At the Hadoop World: NYC
conference here on Oct. 2, Peter Sirota, Amazon.com's general manager for
Elastic MapReduce, announced that Elastic MapReduce now supports Apache Hive.
According to an
AWS blog post on the news, "Hive builds on Hadoop to provide tools for
data summarization, ad hoc querying and analysis of large data sets stored in
Amazon S3 [Simple Storage Service]. Hive uses a SQL-based language called Hive
QL with support for map/reduce functions and complex extensible user defined
data types such as JSON and Thrift. You can use Hive to process structured or
unstructured data sources such as log files or text files. Hive is great for
data warehousing applications such as data mining and click-stream
analysis."
Sirota said AWS' motivation for adding new support for Hadoop was, "We
want to enable customers to cost effectively manage vast amounts of data."
Elastic MapReduce uses Hadoop.
The Apache Hadoop project develops open-source software for reliable,
scalable, distributed computing. Hadoop enables applications to work with
thousands of nodes and petabytes of data. It was inspired by Google's MapReduce
and GFS (Google File System) papers.
"Large-scale data processing has a lot of muck and we want to remove it
for our customers," Sirota said. He noted that it is hard to manage
compute clusters and also hard to tune Hadoop. "So we decided to make Hadoop
simple and easy," he said.
One new feature in Elastic MapReduce is support for Apache Pig, an open-source
platform for analyzing large data sets. Other features include support for
batch and interactive modes, and concurrent access to multiple file systems.

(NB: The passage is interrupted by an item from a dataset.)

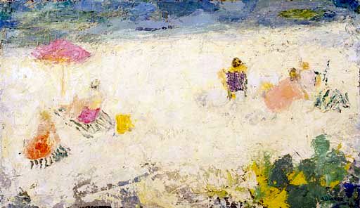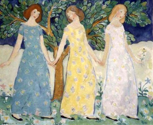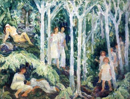 Unlike Annie, Mabel was not a figure who courted controversy, but simply persued her love of painting and colour throughout her long life, becoming increasingly deliberately naive and abstract in style over the years. She was also a bit of a ‘symbolist,’ though not with the political metaphores found in some of Annie’s work. Like Annie, her expressive use of colour was influenced by the non-representatial art of the era, and she switched between straightforward portraits and almost totally abstract works st times. Also, like Annie, she had a love of working outdoors.

Sirota said he would like to see the Hadoop ecosystem continue to grow. With
that in mind, he announced, "Amazon Elastic MapReduce is now supported by
Karmasphere Studio for Hadoop, a NetBeans-based integrated development
environment (IDE) that makes it easy to
develop, debug and deploy job flows from your desktop directly to Amazon Elastic
MapReduce."
Sirota "also announced ... a private beta release of Amazon Elastic
MapReduce support for Cloudera's Hadoop distribution. Cloudera customers can
obtain a support contract to gain access to custom Hadoop patches and help with
the development and optimization of processing pipelines," according to
the AWS blog post. It continued:
"These new tools give you the power to process gigantic data sets while
keeping you at arm's length from some of the more complex aspects of parallel
programming. You don't have to find a server cluster, install a bunch of
software, coordinate and synchronize processes, copy data between servers, or
negotiate with your colleagues for access to shared resources. These tools
reduce the distance between the problem and the solution and allow you to spend
your time on the more interesting aspects of your work."